Ох уж это ЧП! Долго теперь капитан Малышев, командир саперного батальона, будет притчей во языцех! Если перевести это евангельское выражение на обыкновенный командирский язык, оно означает, что на каждом разборе учений, маневра, на всякой политбеседе любой командир и политработник может напомнить о том, что произошло в батальоне Малышева, а потом добавить, что случилось это потому, что плохо поставлена в батальоне воспитательная работа. Чем же в противном случае объяснить, что солдат Севостьянов, прошлогоднего призыва, при аварии понтона на реке Фан и падении за борт командира роты лейтенанта Карцева не бросился спасать лейтенанта, своего прямого начальника, а забился под банку тонущего понтона, и Карцева пришлось спасать командиру батальона, да заодно уж и вытаскивать из тонущего понтона самого Севостьянова. А ведь Севостьянов умел плавать! И родился он на реке Каме, которая ни в какое сравнение не идет с мутным и мелководным Фаном!

Что произошло с солдатом Севостьяновым, об этом капитан мог только догадываться. И думалось ему, что операция с риштой сыграла не последнюю роль в том, что храбрый и честный солдат вдруг отказался лезть во враждебную, непривычную мутно-желтую воду. Но твердой уверенности в этой догадке у него пока не было.

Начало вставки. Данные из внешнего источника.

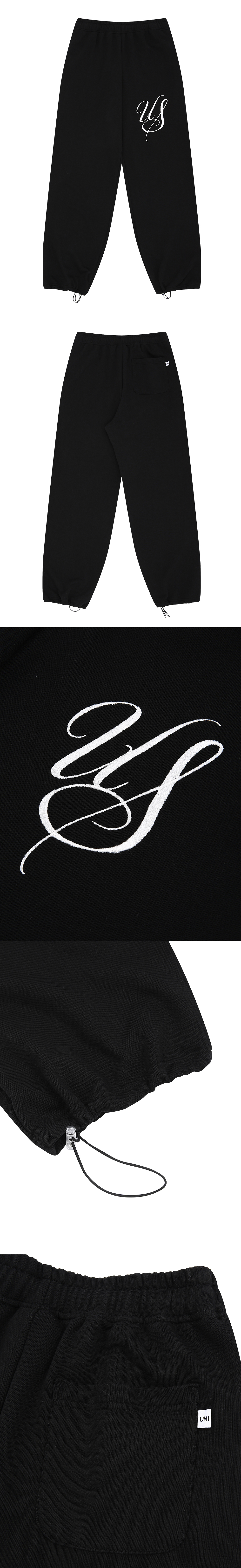 Metal Tip Drawstring Jogger Pants Black
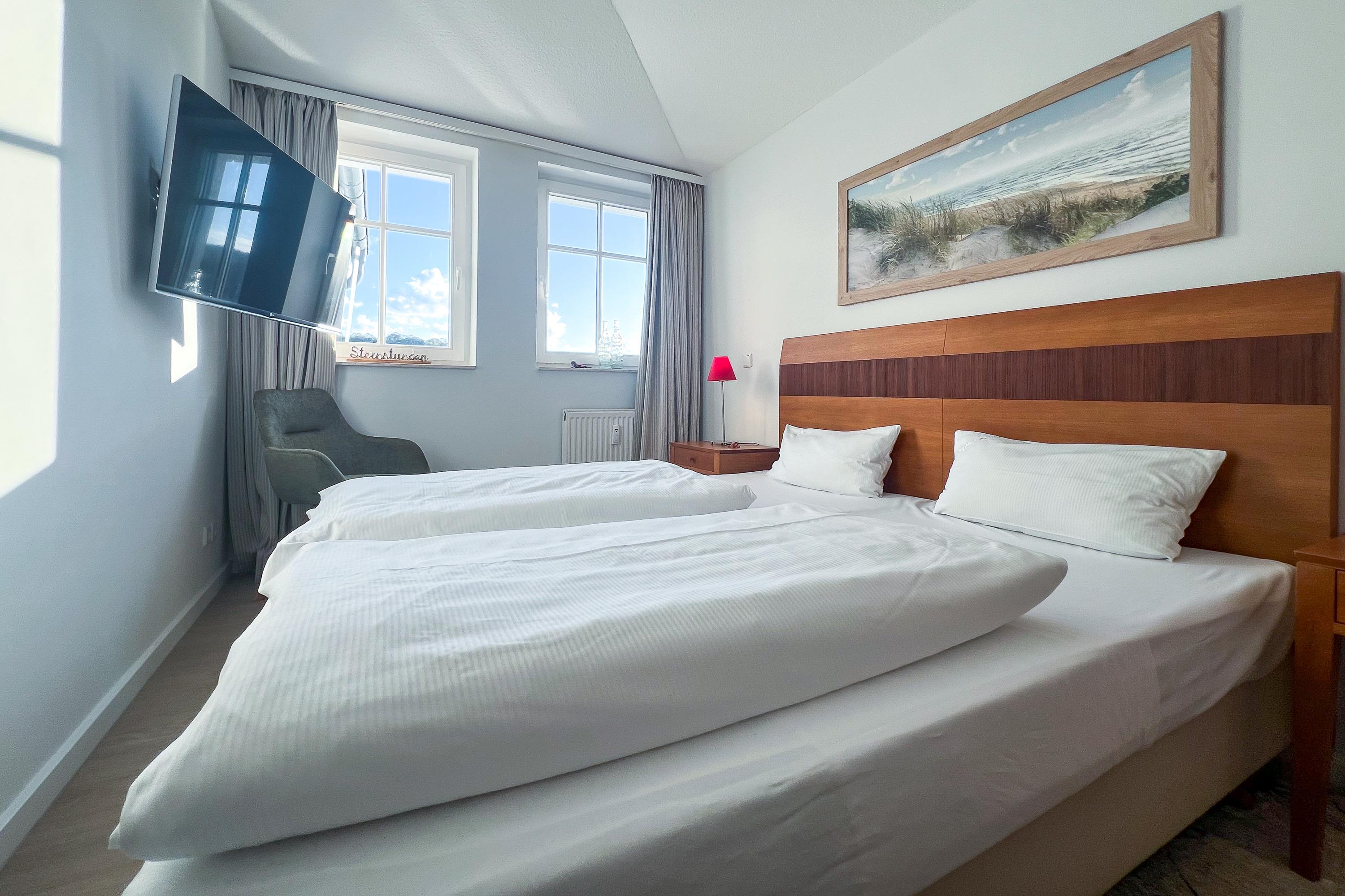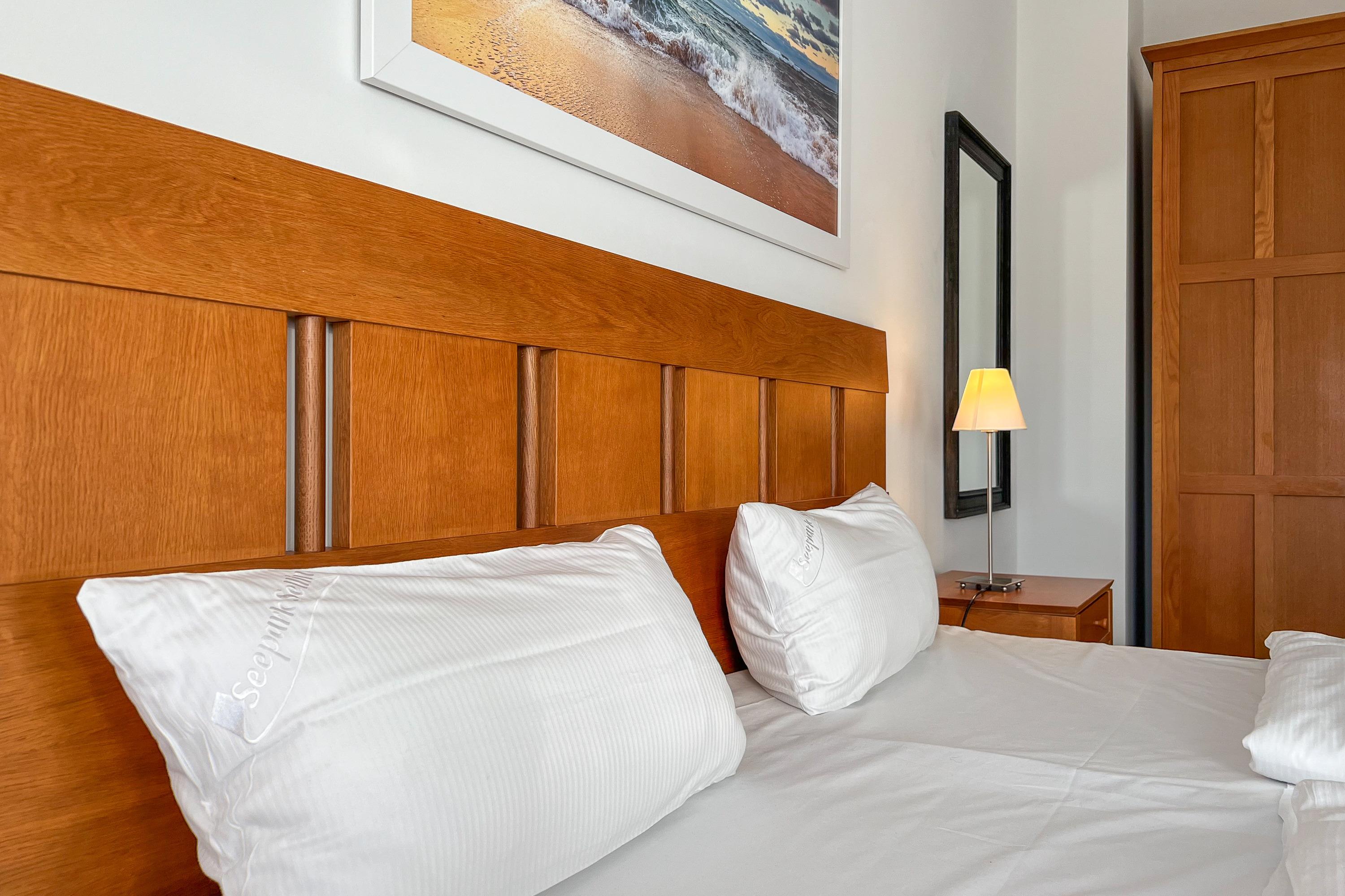 Die beiden Schlafzimmer sind mit Verdunklungsmöglichkeiten ausgestattet, haben jeweils ein Doppelbett und in einem Schlafzimmer kommen Sie zudem in den Genuss eines Fernsehers.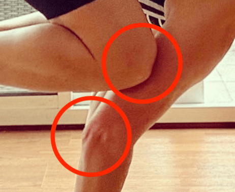 It’s worth noting that when the knees are placed higher up the arms the bottom may need to stay higher due to flexibility and other anatomical reasons. You can see in the version below, my knees are placed lower, my elbows are slightly more bent and my bottom is lower.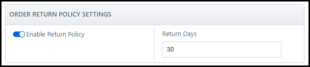 The Order Return Policy Settings section is where you enable and configure the return policy for MarketDirect Fulfillment products. Settings are enabled and configured using a toggle switch and field.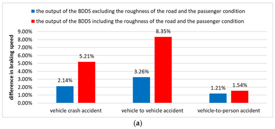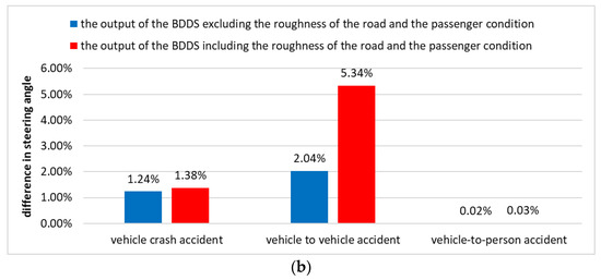 Finally, in order to verify the effectiveness of the BDDS, this work compared the actual accident data, the output of the BDDS without road roughness and passenger status, and the output of the BDDS with road roughness and passenger status. This experiment represented the average of the difference between the output of BDDS and the actual accident data in 171 vehicle–object accidents, 483 vehicle–vehicle accidents, and 550 vehicle–person accident items of data. The actual data used for the simulation contained at least one death. Figure 11a shows the difference in braking speed according to road roughness and passenger conditions, and Figure 11b shows the difference in steering angle.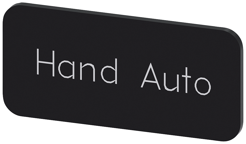 PLAQUITA DE INSCRIPCION PARA ABROCHAR O PEGAR SOBRE PORTAPLAQUITA, TAMANO PLAQUITA 12,5 X 27MM, PLAQUITA NEGRA, LETRA BLANCA, CON INSCRIPCION: HAND AUTO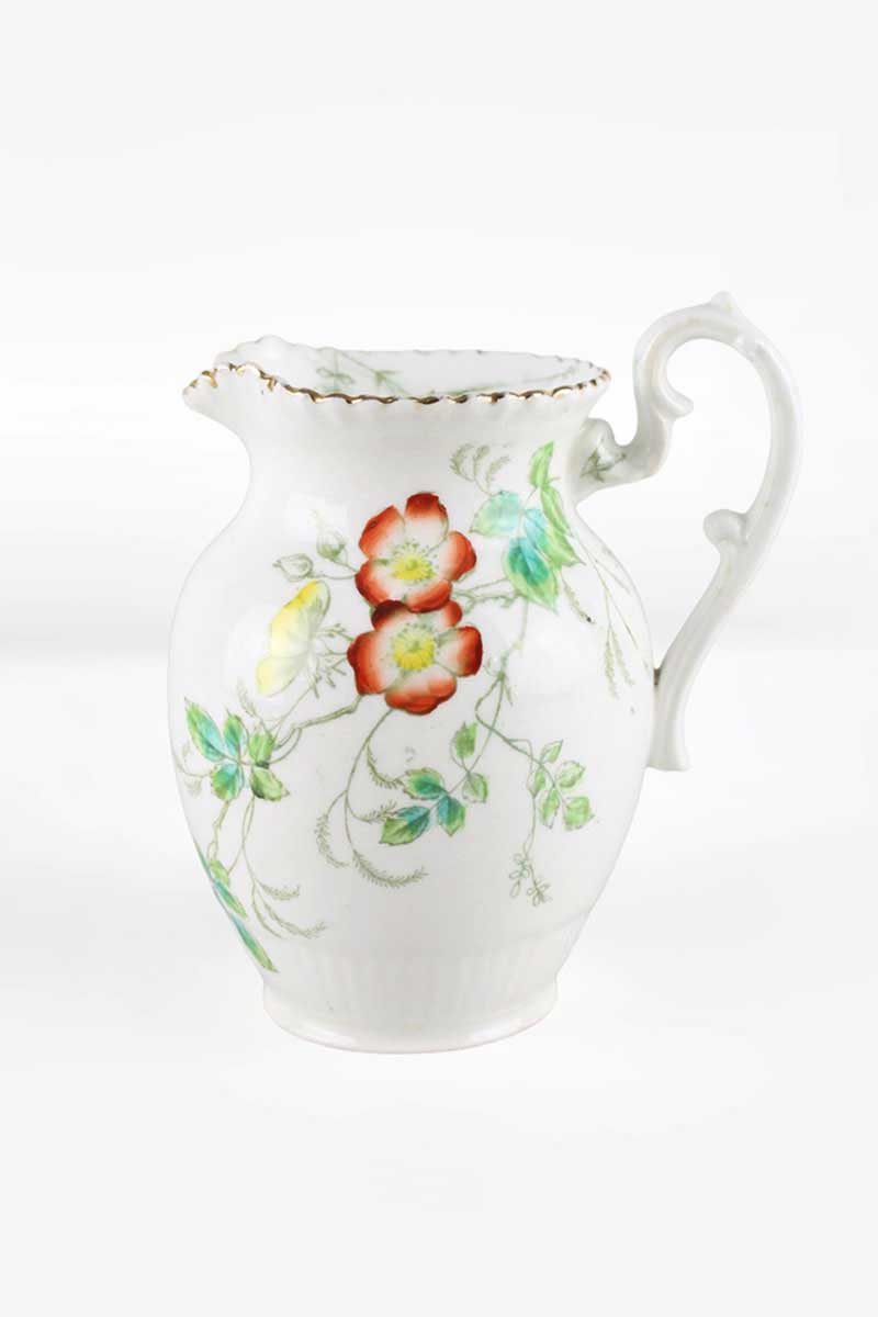 Victorian Hand Painted Milk Jug Decorated with Leaves and Poppies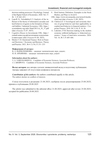 7. Когнитивные искажения в инвестициях URL: https://wwwый- инвестор.рф/когнитивные- искажения-в-инвестициях/(дата обращения 01.08.2025 г.).

Произошло все почти так, как об этом будут говорить потом на политбеседах и на разных совещаниях, которые в полной мере представил себе капитан Малышев, но было в этом случае и нечто другое. Вот об этом другом он сейчас и раздумывал.

Батальон Малышева проводил учения на быстроту переправы через капризную реку Фан. Саперы, которыми командовал лейтенант Карцев, должны были немедленно очистить предполье за рекой от условных мин «противника». Тут все зависело от быстроты, с какой понтонеры поставят мост.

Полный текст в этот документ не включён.